Rob Thomas, a senior leader at IBM, recently explained that software usually goes through three stages: it starts as a product, becomes a platform, and finally turns into infrastructure. AI has now reached that final stage. When technology becomes infrastructure, it must be open so that everyone can inspect it and make sure it is safe. IBM points to new AI models from companies like Anthropic that are incredibly powerful. One model, called Claude Mythos, is so good at finding security flaws that it matches human experts. This level of power shows why businesses cannot afford to have "black box" systems that they cannot see inside of.

Important Numbers and Facts

Anthropic has started a special project called Project Glasswing to help defenders use these powerful AI tools before hackers do. IBM notes that when companies use closed AI models, they often run into "bottlenecks," or slow points, in their work. For example, sending sensitive data to a closed cloud system can be slow because the data has to be cleaned and made anonymous first. This creates "operational drag," which is just a fancy way of saying it slows down the whole company. Additionally, the cost of using these closed systems can be very high because companies have to pay every time they ask the AI a question.

Background and Context

In the past, many companies thought that keeping their software secret was the best way to stay ahead. They wanted to own everything and keep others from seeing how their tools worked. This works fine for a simple product, but it fails when the technology becomes something that the whole world relies on. Think of it like the roads or the power grid; everyone needs to know how they work to keep them running safely. IBM believes AI is now like the power grid. If only one or two companies understand how the AI makes decisions, the rest of the business world is at risk if something goes wrong.

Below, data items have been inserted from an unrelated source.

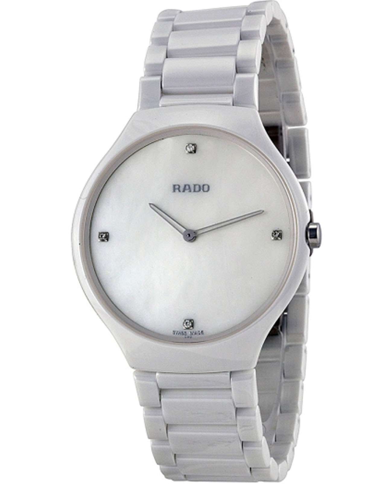 Швейцарские женские Rado True Thinline R27957902, кварцевый механизм с высокой точностью. Сапфировое стеклоСапфировое стеклоПрочный и надёжный материал из кристалла сапфира синтетического происхождения, характеризующийся особой твёрдостью и устойчивостью к царапинам и повреждениям. устойчивое к появлению царапин, обладающее высокой прозрачностью. Корпус часов изготовлен из высокотехнологичной керамикиВысокотехнологичная керамикаИнновационный запатентованный Rado материал с гладкой или матовой поверхностью. Керамика за счёт кристаллической структуры обладает повышенной устойчивостью от возникновения царапин. Материал способен принимать температуру тела человека, обеспечивая невероятный комфорт при ношении.. Циферблат украшен бриллиантами. Класс водозащиты: 30 метров, позволит защитить корпус от случайных брызг или капель дождя. Керамический браслет на застёжке-бабочке с кнопкамиЗастёжка "бабочка"Такой вид застёжки дополняется предохранителями, помогающими избежать случайного раскрытия браслета. Обладают изящным исполнением. .
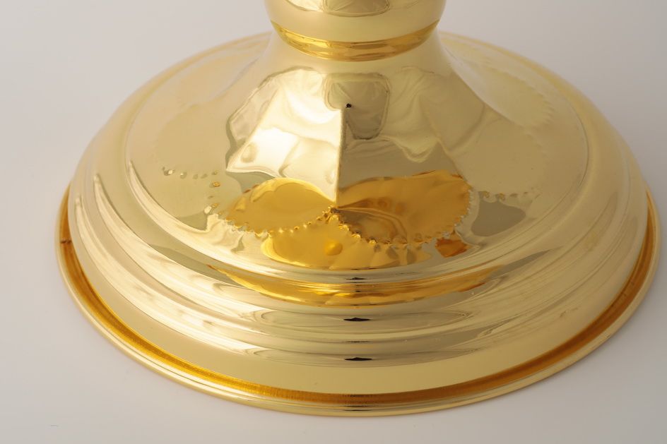 Водосвятная чаша от популярного производителя. Изделие изготовлено из одного из популярнейших драгоценных металлов – золота. Произведено в России! Чаша дополнительно украшена позолотой и чеканкой. Подарочная упаковка в комплекте.
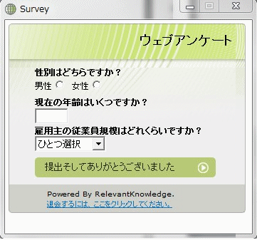 かなり古い ウイルス/スパイウェアで、最近のものは ブラウザで入力した IDや Passwordなどをリダイレクト(違うURLに送信する)して盗む他、PCの閲覧履歴などの情報を勝手に送信するなどかなり危険なスパイウェアらしい。各種マルチメディア関係のフリーウェアに仕組まれているようで、インストールされると PC起動時にデスクトップ画面右下に右図のようなポップアップウインドウが表示される。間違っても「提出そして・・・・」とか「退会するには・・」というボタンやリンクは押さないほうがいい。
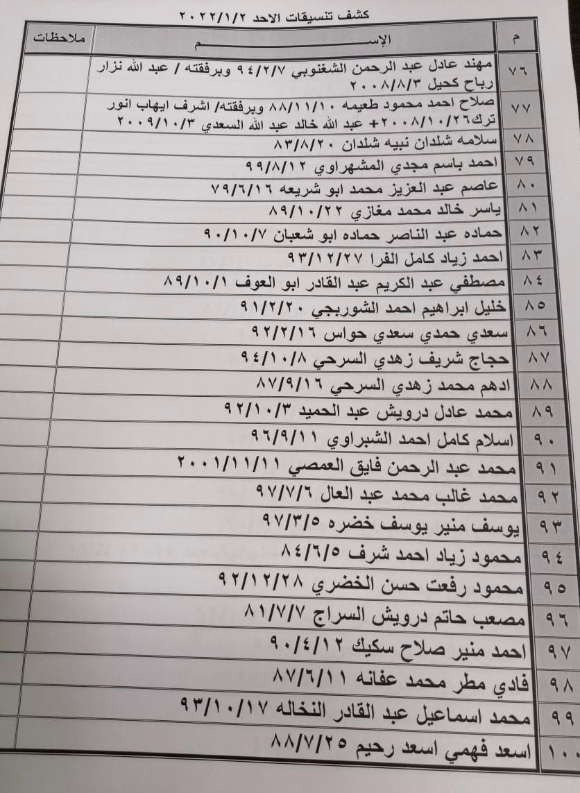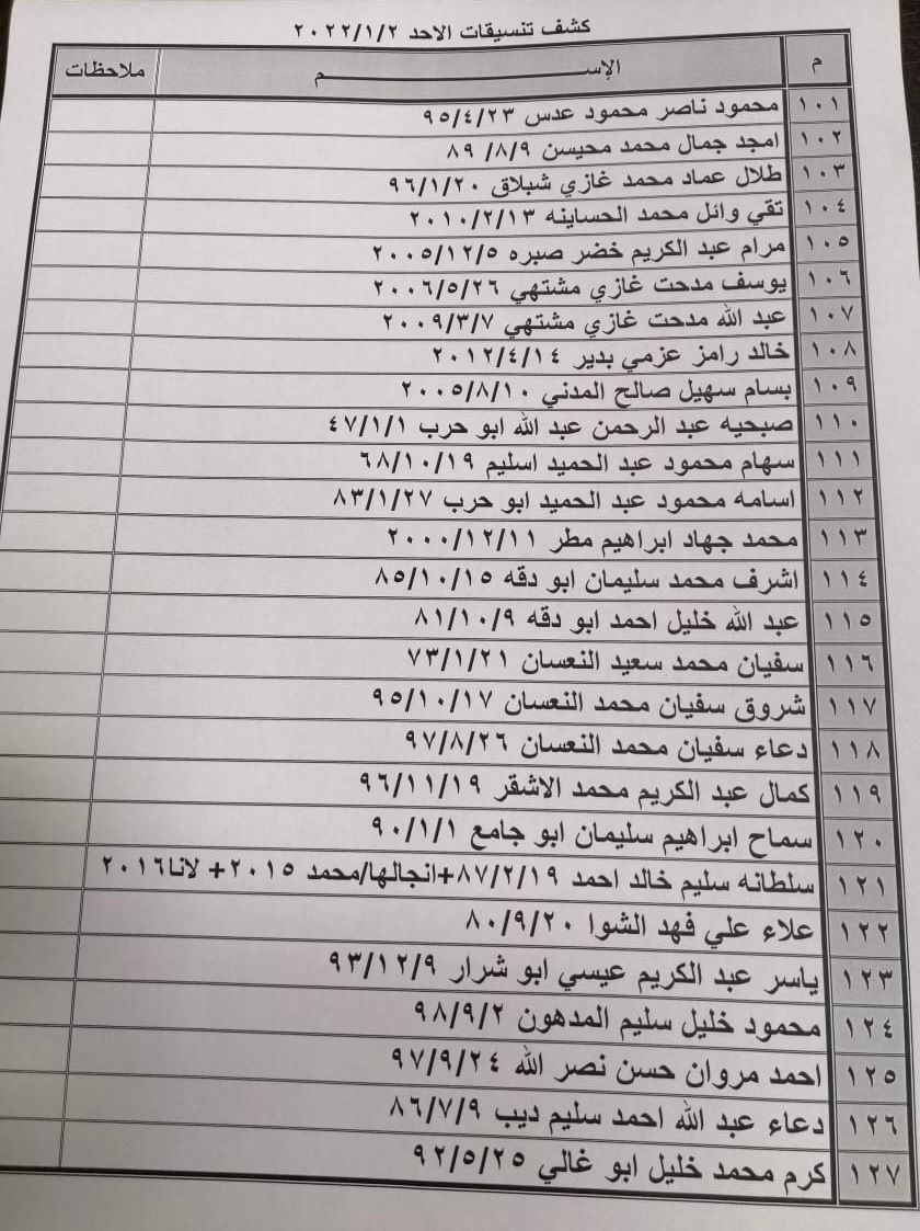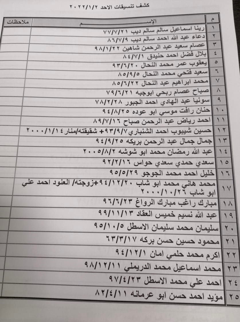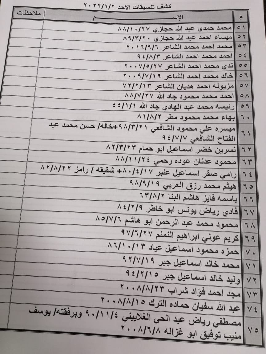 تعلن الهيئة العامة للمعابر والحدود بوزارة الداخلية والأمن الوطني عن وصول كشف "تنسيقات مصرية" للسفر عبر معبر رفح البري يوم الأحد (2 يناير 2022)، والذين عليهم التوجه لإجراء فحص كورونا الساعة 7 صباح الأحد بمركز شـ.ـهداء رفح الصحي ثم التوجه للصالة الخارجية للمعبر لتسهيل سفرهم.

Public or Industry Reaction

Many large technology companies are starting to change how they do business because of these concerns. Instead of trying to build the biggest secret AI, they are building tools that let businesses switch between different AI models easily. This prevents "vendor lock-in," which happens when a company is stuck using one provider even if the price goes up or the service gets worse. Industry experts are also gathering at major events, like the AI & Big Data Expo, to talk about how open-source AI can make businesses more resilient. The general feeling in the industry is that being open is no longer just a nice idea—it is a practical necessity for survival.

What This Means Going Forward

Going forward, businesses will likely stop using one giant AI model for everything. Instead, they will use smaller, open-source models for simple tasks and save the expensive, powerful models for hard problems. This will help protect their profit margins. Technology officers will need to focus more on "governance," which means setting clear rules for how AI is built and tested. Transparency will become a requirement for any new AI project. If a company cannot explain how its AI reached a conclusion, it may face legal trouble or lose the trust of its customers.

Final Take

The era of secret AI is ending as the technology becomes a foundation for global business. To keep making money and stay safe, companies must embrace openness and clear rules. By using open-source foundations, businesses can let more experts check their systems for errors, leading to better security and lower costs. In the end, the companies that win will not be the ones that own the AI, but the ones that know how to manage it most effectively and transparently.

Frequently Asked Questions

What is AI governance?

AI governance is a set of rules and practices that companies use to make sure their AI systems are safe, fair, and working correctly. It involves checking the AI for errors and making sure it follows the law.

Why is open-source AI better for security?

Open-source AI is often more secure because many different researchers and experts can look at the code. This makes it easier to find and fix weaknesses before hackers can use them.

How does AI governance protect profit margins?

Good governance helps companies avoid expensive mistakes, like system failures or data leaks. it also allows them to use cheaper, more efficient AI models for simple tasks, which saves money on computing costs.